Data excerpts:

§ §

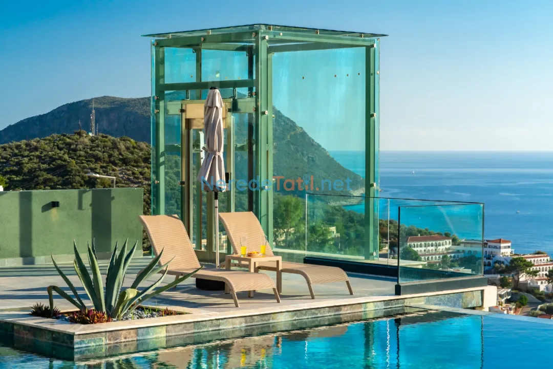 Kalkan'da Deniz ve Doğa Manzaralı, Asansör' lü Lüks Villa
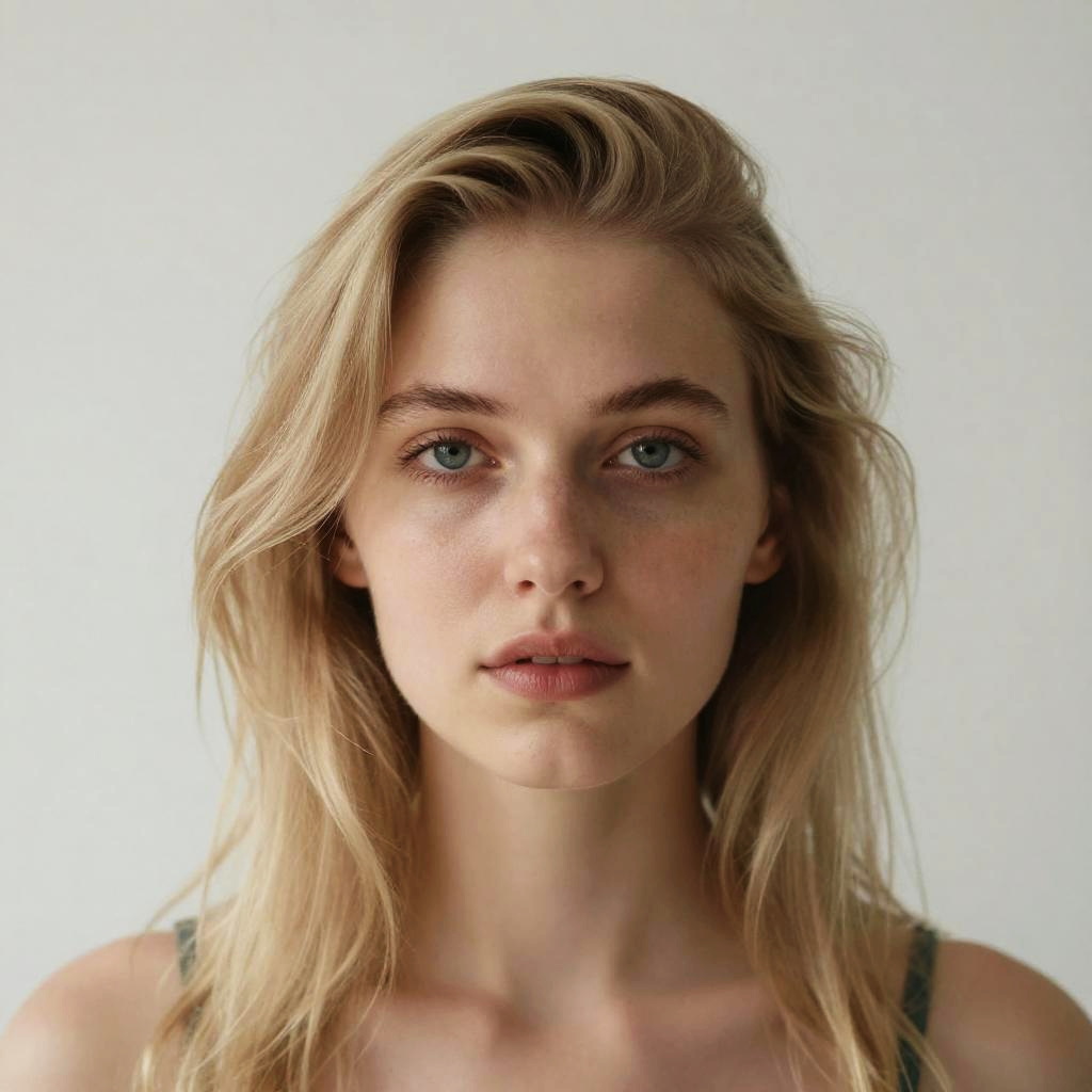 Photograph of a young Caucasian woman with light skin, blue eyes, and blonde, slightly wavy hair that falls to her shoulders. She has a neutral expression, slightly parted lips, and subtle freckles across her nose and cheeks. She is wearing a dark green tank top with thin straps. The background is a plain, light gray, which highlights her face. The lighting is soft, creating gentle shadows and emphasizing her natural features. The image is centered and cropped from the chest up, focusing on her face and upper torso.
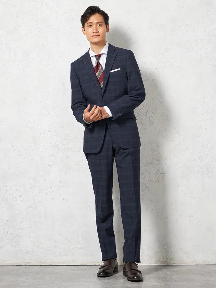 【上下ウォッシャブル】スーツ 2つボタン ウールライク チェック nero 秋冬【スリムデザイン】
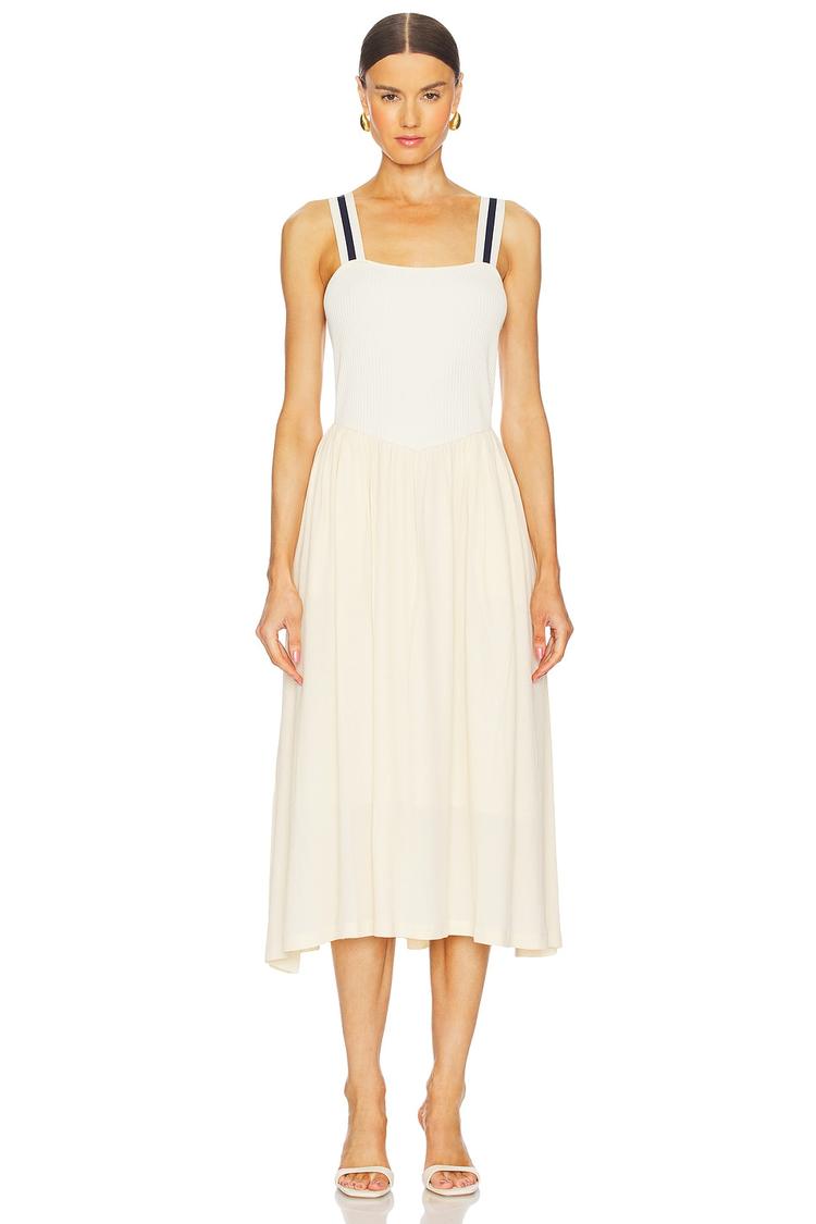 Soft cream hues and a ribbed knit bodice sculpt a flattering bodycon silhouette in this basque waist midi dress. The sleeveless design and square neckline offer timeless minimalism, ideal for warm spring and summer days. Crafted from a viscose blend with a smooth rayon lining, it delivers comfortable stretch and a sleek finish. Effortlessly versatile, this dress transitions from casual brunches to intimate date nights with ease, making it a refined staple for your seasonal wardrobe.
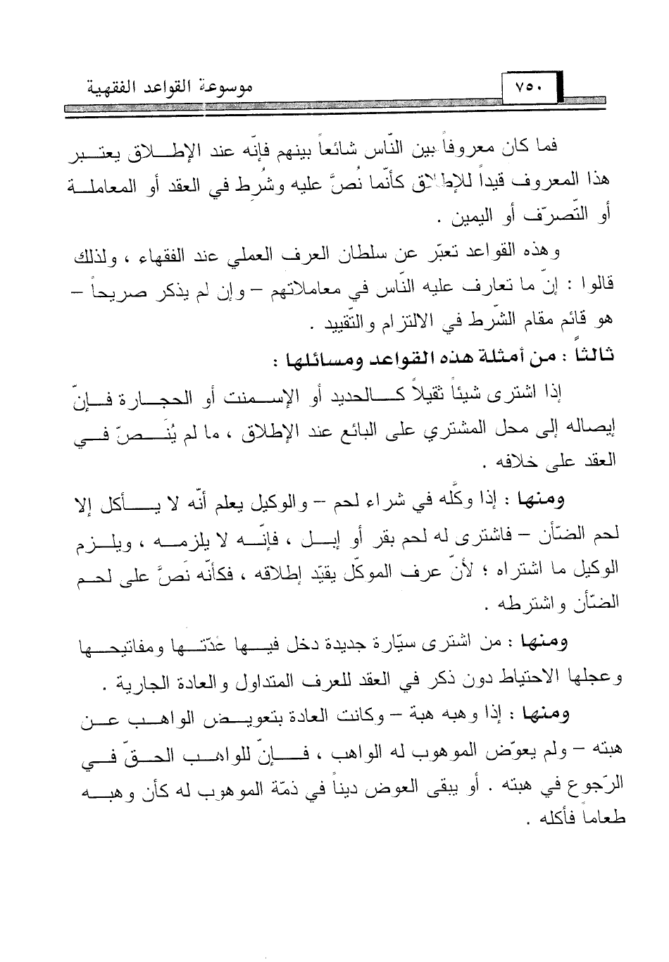 ثالثاً: من أمثلة هذه القواعد ومسائلها:
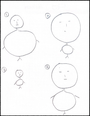 "눈 사람 같아요.", "사람이 모두 이상해요.", "가분수도 있고 머리가 작은 사람도 있고..."
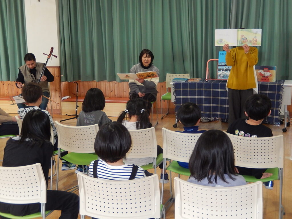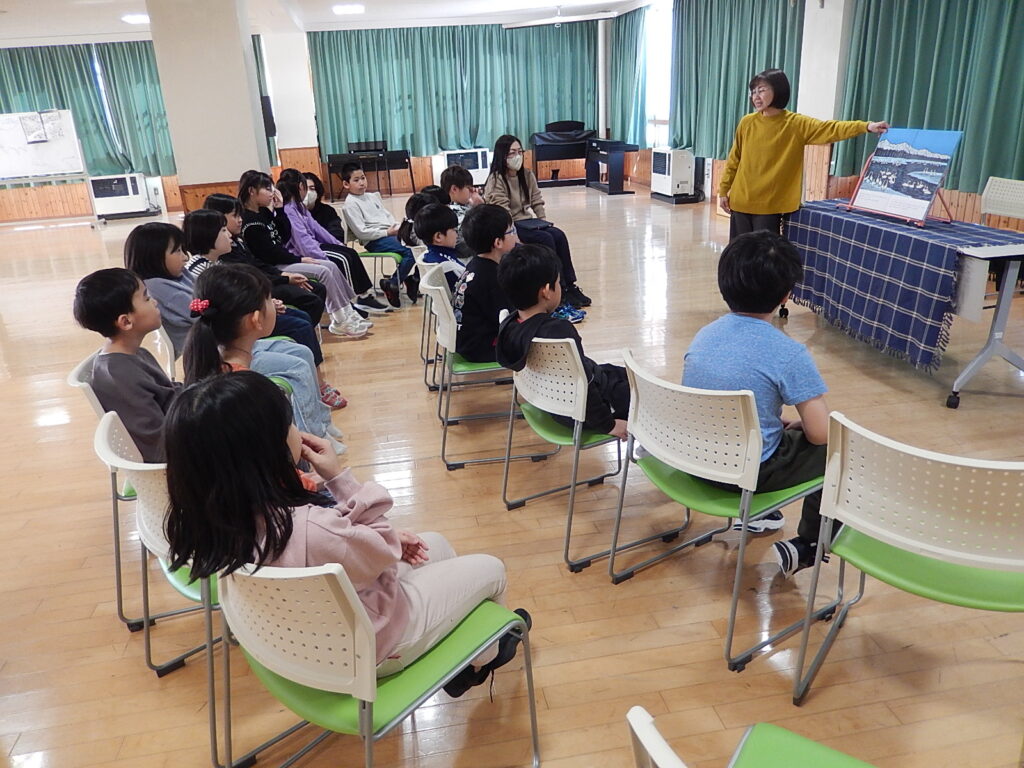 毎月1回、1・2年生を対象に、おはなしサークル「かくれんぼ」の皆さんによるおはなし会が行われています。今回で、今年度のおはなし会は終了となりました。最後のおはなし会では、毎年恒例となっている「馬頭琴(ばとうきん)」の音色をバックにした読み聞かせをしてくださいました。馬頭琴は、モンゴルの伝統的な弦楽器で、先端に馬の頭の彫刻が施されているのが特徴です。 今回は、「天馬ジョノン・ハル~モンゴル馬頭琴ものがたり」の読み聞かせが行われ、子どもたちは馬頭琴の美しい音色とともに物語の世界へと引き込まれていました。1年間、心温まるおはなし会を開いてくださった「かくれんぼ」の皆さんに、心より感謝申し上げます。

§ §

All that should be printed is the run of lines above from the one with "Soft cream hues" through the one with "있고 머리가 작은 사람도", both included, exactly as given, with pictures left out.

Worked solution —
 Soft cream hues and a ribbed knit bodice sculpt a flattering bodycon silhouette in this basque waist midi dress. The sleeveless design and square neckline offer timeless minimalism, ideal for warm spring and summer days. Crafted from a viscose blend with a smooth rayon lining, it delivers comfortable stretch and a sleek finish. Effortlessly versatile, this dress transitions from casual brunches to intimate date nights with ease, making it a refined staple for your seasonal wardrobe.
 ثالثاً: من أمثلة هذه القواعد ومسائلها:
 "눈 사람 같아요.", "사람이 모두 이상해요.", "가분수도 있고 머리가 작은 사람도 있고..."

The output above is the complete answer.